FIXME: should the server compare the unsigned.backup_mac property when a client uploads a key to the backup, when deciding whether to keep the existing key or replace it with a new key?

To simplify logic, clients may treat m.backup.v2.curve25519-aes-sha2-format keys with the same semantics as m.megolm_backup.v1.curve25519-aes-sha2 keys when they are in a m.megolm_backup.v1.curve25519-aes-sha2 backup. That is, clients may treat all keys in a m.megolm_backup.v1.curve25519-aes-sha2 backup as being unauthenticated, regardless of the presence or absence of the unsigned.backup_mac property in the cleartext session_data property.

Migrating keys

When migrating keys from a m.megolm_backup.v1.curve25519-aes-sha2 backup to a m.backup.v2.curve25519-aes-sha2 backup, keys without a unsigned.backup_mac property in the cleartext session_data property, or with an invalid MAC, must have the unauthenticated property set to m.legacy-v1 in the encrypted SessionData, regardless of whether the key originally had an unauthenticated property, and a unsigned.backup_mac property added to the cleartext session_data. If the same backup decryption key is used for the old and new backups, keys that have an existing unsigned.backup_mac property with a valid MAC may be uploaded to the new backup unchanged, as they will be valid m.backup.v2.curve25519-aes-sha2-format keys.

Potential issues

For users with existing backups, in order to start storing backup keys using this format, the user may need to enter their Secret Storage key so that the client can obtain the backup decryption key, if it does not already have it cached, in order to derive the backup MAC key.

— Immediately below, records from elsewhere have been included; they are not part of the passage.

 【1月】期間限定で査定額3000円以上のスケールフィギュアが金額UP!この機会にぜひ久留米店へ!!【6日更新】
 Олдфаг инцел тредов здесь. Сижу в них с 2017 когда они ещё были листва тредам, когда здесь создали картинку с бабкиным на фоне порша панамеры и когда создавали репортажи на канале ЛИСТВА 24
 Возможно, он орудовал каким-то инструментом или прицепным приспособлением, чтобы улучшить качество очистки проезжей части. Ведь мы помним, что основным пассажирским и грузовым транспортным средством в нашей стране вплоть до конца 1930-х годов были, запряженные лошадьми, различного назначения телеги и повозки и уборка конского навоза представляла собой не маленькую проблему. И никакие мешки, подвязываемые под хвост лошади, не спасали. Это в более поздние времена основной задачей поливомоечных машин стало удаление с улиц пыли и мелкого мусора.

If a user has multiple clients, one client may try to obtain the backup MAC key from other clients using Secret Sharing, but it does not have a way of knowing which clients, if any, have the backup MAC key.

Alternatives

As mentioned above, we could switch to using a symmetric encryption algorithm for the key backup. However, this is not backwards-compatible, and does not allow for clients that can write to the backup without reading.

Rather than using a new MAC key, we could use an existing signing key, such as one of the cross-signing keys. This would remove the need for users to enter their Secret Storage key to add the new signing key. However, this means that a user cannot create a key backup without also using cross-signing. Using a separate key also allows the user to give someone else (such as a bot) permission to write to their backups without allowing them to perform any cross-signing operations.

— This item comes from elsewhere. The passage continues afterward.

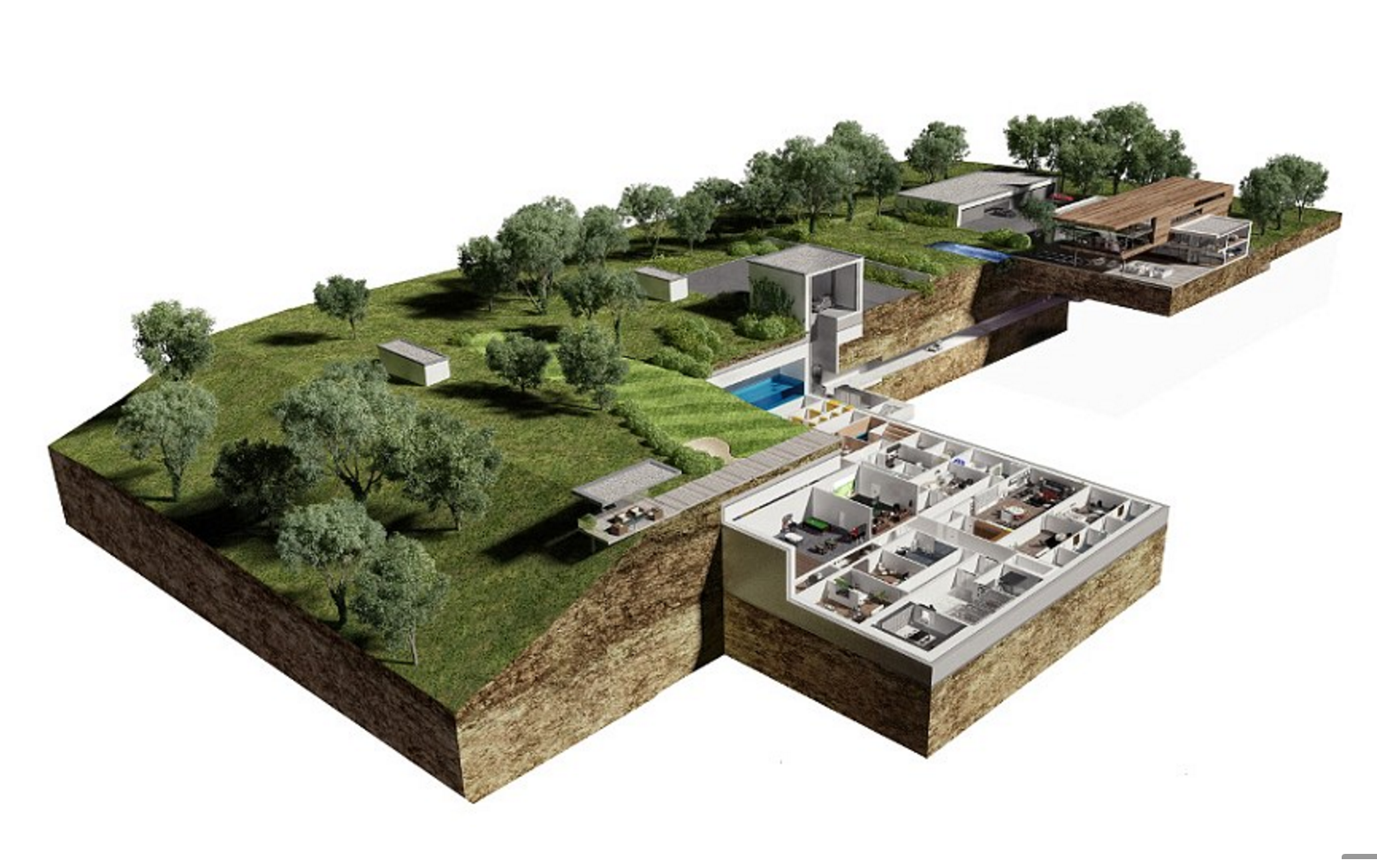 Lungi dall’essere un austero rifugio per tempi di crisi, guerre e conflitti, il rifugio per miliardari gode di tutti i lussi: ci sono stanze arredate fastosamente e dotate di tutti i confort, camere per i bambini con la porta a prova di bomba, bagno con vasca idromassaggio, la stanza cinema, la club house con il biliardo e altre amenità per il tempo libero nel bunker, la piscina, la palestra, la spa e persino un bar. C’è persino un giardino sotterraneo in cui arditi giochi di luce simulano la luce naturale.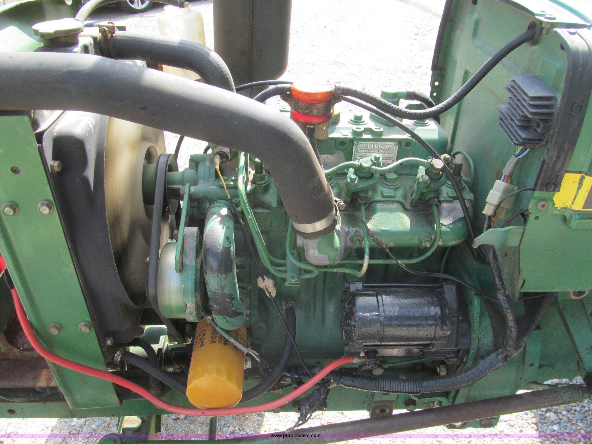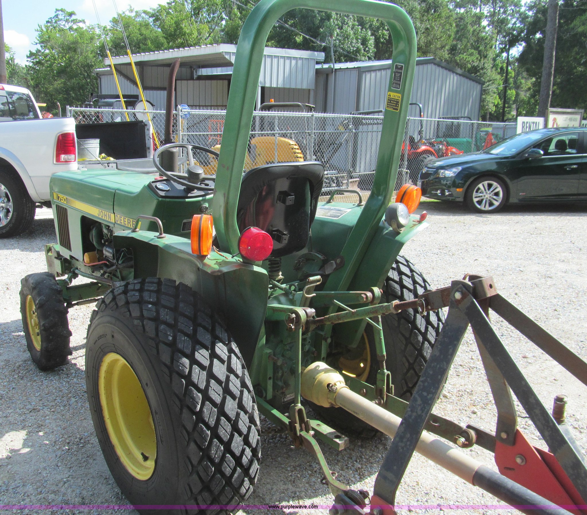 Purple Wave is selling a used Tractor in Louisiana. This item is a 1986 John Deere 750 tractor with the following: 2,757 hours on meter, John Deere 3T80UJ diesel engine, 20 HP, Manual transmission, 8F-2R gears, Three point, Draw bar, 540 PTO, 6.2 gallon fuel tank, 6.00-12 front tires, 12.4-16 rear tires, Mower not included, Serial CH0750S020608

A previous version of this MSC used a signing key that was generated randomly. The method presented in the current version has the following advantages:

  • No changes to AuthData are necessary, so a new backup version is not required.
  • A MAC is faster to calculate. The main advantage of a signature is that it allows one to verify the signature without knowing the private key, but in this case, reading is a more privileged action than writing, and writers already need to know the private/secret key.
  • Since the MAC key is derived from the decryption key, two clients can be upgraded at the same time without interfering with each other, as they will derive the same MAC key.
  • The MAC is calculated after encryption, and hence is verified before decryption, so we know that it is authenticated before we do any processing on it.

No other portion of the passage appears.